**ABOUT THIS TASK:**
Only the pictures should be left out; write out all other data exactly.

**STORED DATA:**
########

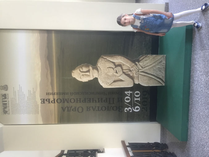 В выходные мы вместе с моей семьей и друзьями семьи пошли в Эрмитаж на выставку: *Золотая Орда и Причерноморье* я увидела там много старинной посуды, женские золотые украшения. Камни из которых стороили колодца и дома. Было очень интересно и познавательно.
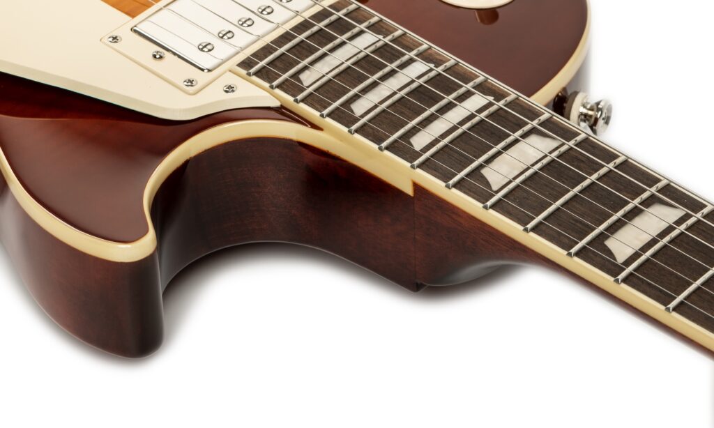 Die Gitarren der Epiphone Les Paul Standard 60s-Serie sind in mehreren Farben erhältlich, wobei die transparenten Finishes Ice Tea Burst und Blueberry Burst das attraktiv gemusterte Riegelahornfurnier der Decke durchscheinen lassen. Beim Ebony-Finish betont eine schwarze Decke den Mahagonikorpus und bei allen Ausführungen zieht sich ein cremefarbenes Binding auch an der Halskante entlang. Das Kunststoff-Schlagbrett sowie die Pickuprahmen und der Ring um den Kippschalter sind im gleichen Farbton gehalten.
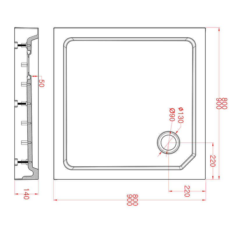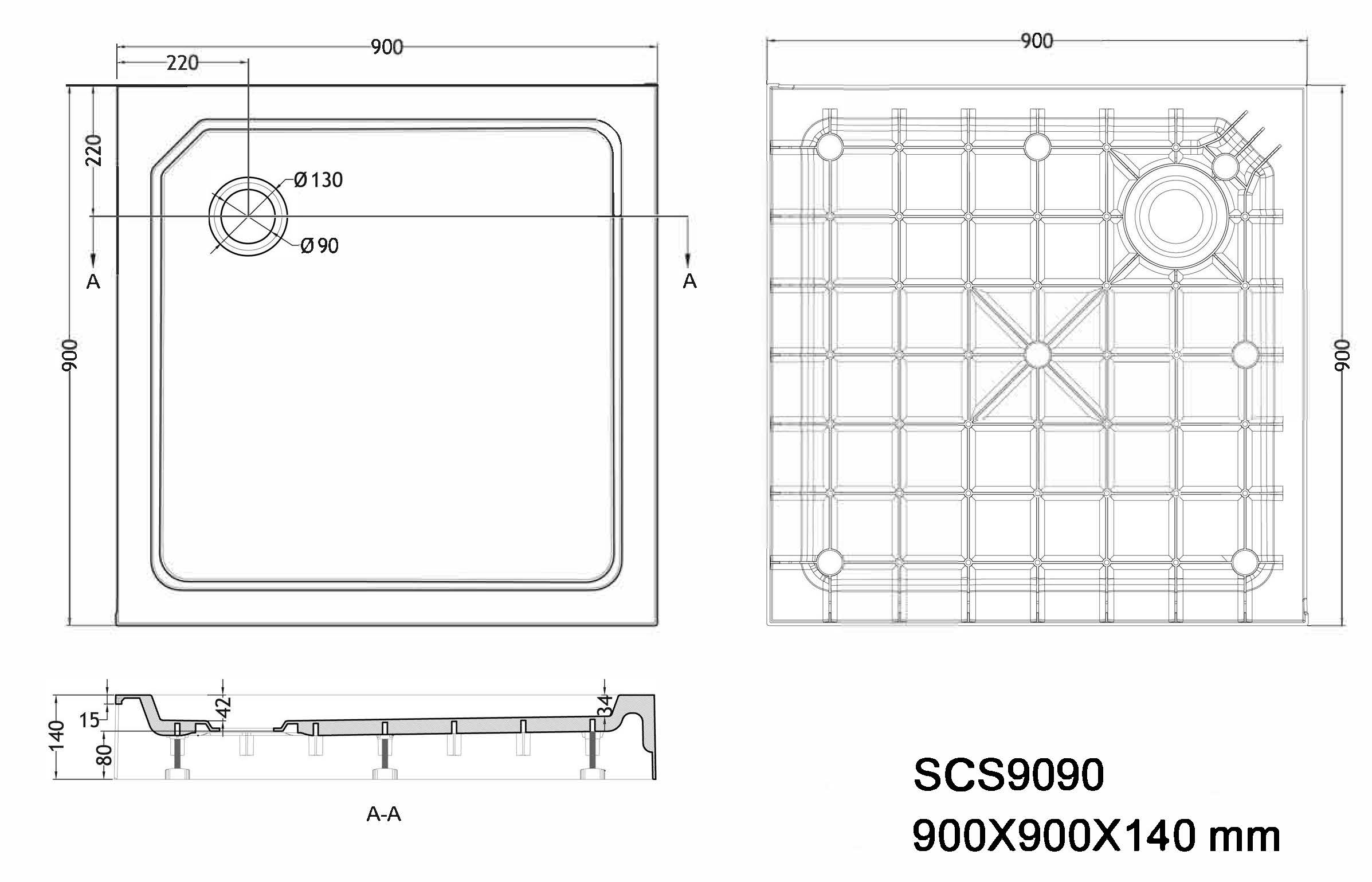 Sanotechnik - SMC tuš kad s sifonom 90x90x14cm

########

**RESPONSE TO THIS EXERCISE:**
 В выходные мы вместе с моей семьей и друзьями семьи пошли в Эрмитаж на выставку: *Золотая Орда и Причерноморье* я увидела там много старинной посуды, женские золотые украшения. Камни из которых стороили колодца и дома. Было очень интересно и познавательно.
 Die Gitarren der Epiphone Les Paul Standard 60s-Serie sind in mehreren Farben erhältlich, wobei die transparenten Finishes Ice Tea Burst und Blueberry Burst das attraktiv gemusterte Riegelahornfurnier der Decke durchscheinen lassen. Beim Ebony-Finish betont eine schwarze Decke den Mahagonikorpus und bei allen Ausführungen zieht sich ein cremefarbenes Binding auch an der Halskante entlang. Das Kunststoff-Schlagbrett sowie die Pickuprahmen und der Ring um den Kippschalter sind im gleichen Farbton gehalten.
 Sanotechnik - SMC tuš kad s sifonom 90x90x14cm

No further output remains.